Published online May 21, 2016. doi: 10.3748/wjg.v22.i19.4750
Peer-review started: November 12, 2015
First decision: February 28, 2016
Revised: February 25, 2016
Accepted: March 14, 2016
Article in press: March 14, 2016
Published online: May 21, 2016
Processing time: 126 Days and 14 Hours
AIM: To compare lymph node dissection results of minimally invasive esophagectomy (MIE) and open surgery for esophageal squamous cell carcinoma.
METHODS: We retrospectively reviewed data from patients who underwent MIE or open surgery for esophageal squamous cell carcinoma from January 2011 to September 2014. Number of lymph nodes resected, positive lymph node (pN+) rate, lymph node sampling (LNS) rate and lymph node metastatic (LNM) rate were evaluated.
RESULTS: Among 447 patients included, 123 underwent MIE and 324 underwent open surgery. The number of lymph nodes resected did not significantly differ between the MIE and open surgery groups (21.1 ± 4.3 vs 20.4 ± 3.8, respectively, P = 0.0944). The pN+ rate of stage T3 esophageal squamous cell carcinoma in the open surgery group was higher than that in the MIE group (16.3% vs 11.4%, P = 0.031), but no differences was observed for stages T1 and T2 esophageal squamous cell carcinoma. The LNS rate at left para-recurrent laryngeal nerve (RLN) site was significantly higher for open surgery than for MIE (80.2% vs 43.9%, P < 0.001), but no differences were noted at other sites. The LNM rate at left para-RLN site in the open surgery group was significantly higher than that in the MIE group, regardless of pathologic T stage.

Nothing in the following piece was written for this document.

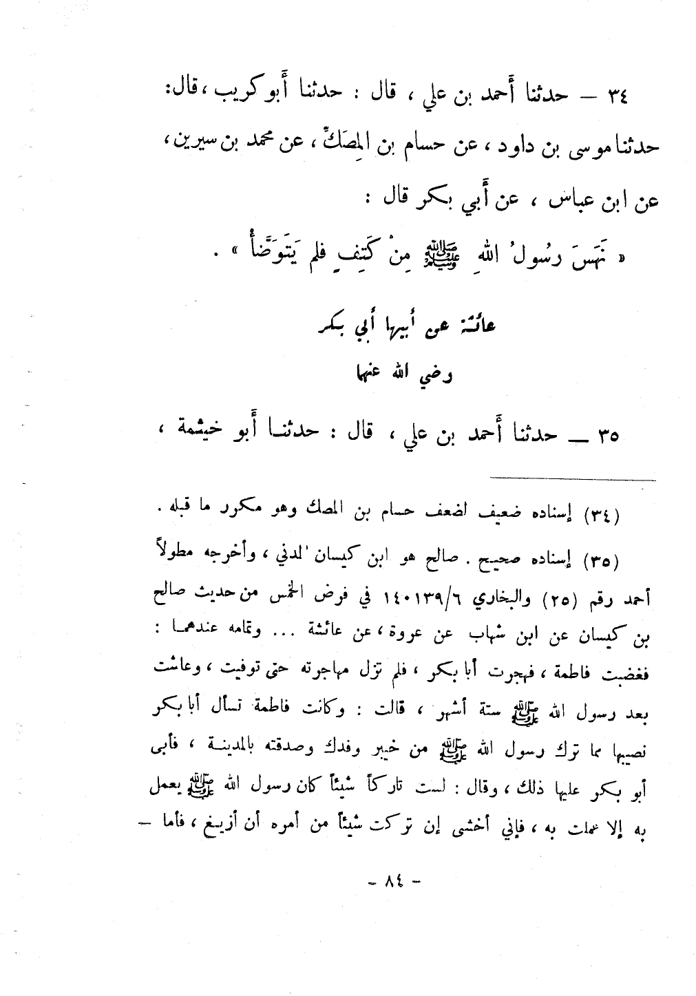 34 - حَدَّثَنَا أَحْمَدُ بْنُ عَلِيٍّ قَالَ: حَدَّثَنَا أَبُو كُرَيْبٍ قَالَ: حَدَّثَنَا مُوسَى بْنُ دَاوُدَ , عَنْ حُسَامِ بْنِ الْمِصَكِّ , عَنْ مُحَمَّدِ بْنِ سِيرِينَ , عَنِ ابْنِ عَبَّاسٍ , عَنْ أَبِي بَكْرٍ قَالَ: «§نَهَسَ رَسُولُ اللَّهِ صَلَّى اللهُ عَلَيْهِ وَسَلَّمَ مِنْ كَتِفٍ , فَلَمْ يَتَوَضَّأْ»

CONCLUSION: For stages T1 and T2 esophageal squamous cell carcinoma, the lymph node dissection result after MIE was comparable to that achieved by open surgery. However, the efficacy of MIE in lymphadenectomy for stage T3 esophageal squamous cell carcinoma, particularly at left para-RLN site, remains to be improved.
Core tip: Previous studies have not reported in detail whether minimally invasive esophagectomy (MIE) can achieve the same lymph node dissection results as open surgery. In particular for esophageal squamous cell carcinoma, it remains unknown whether MIE can meet the technical requirements for each anatomical site in lymph node dissection from the mediastinum to the upper abdomen. Our study found that for stages T1 and T2 esophageal squamous cell carcinoma, the lymph node dissection result after MIE was comparable with that after open surgery. However, the efficacy of MIE in lymphadenectomy for stage T3 esophageal squamous cell carcinoma, particularly at left para-RLN site, remains to be improved.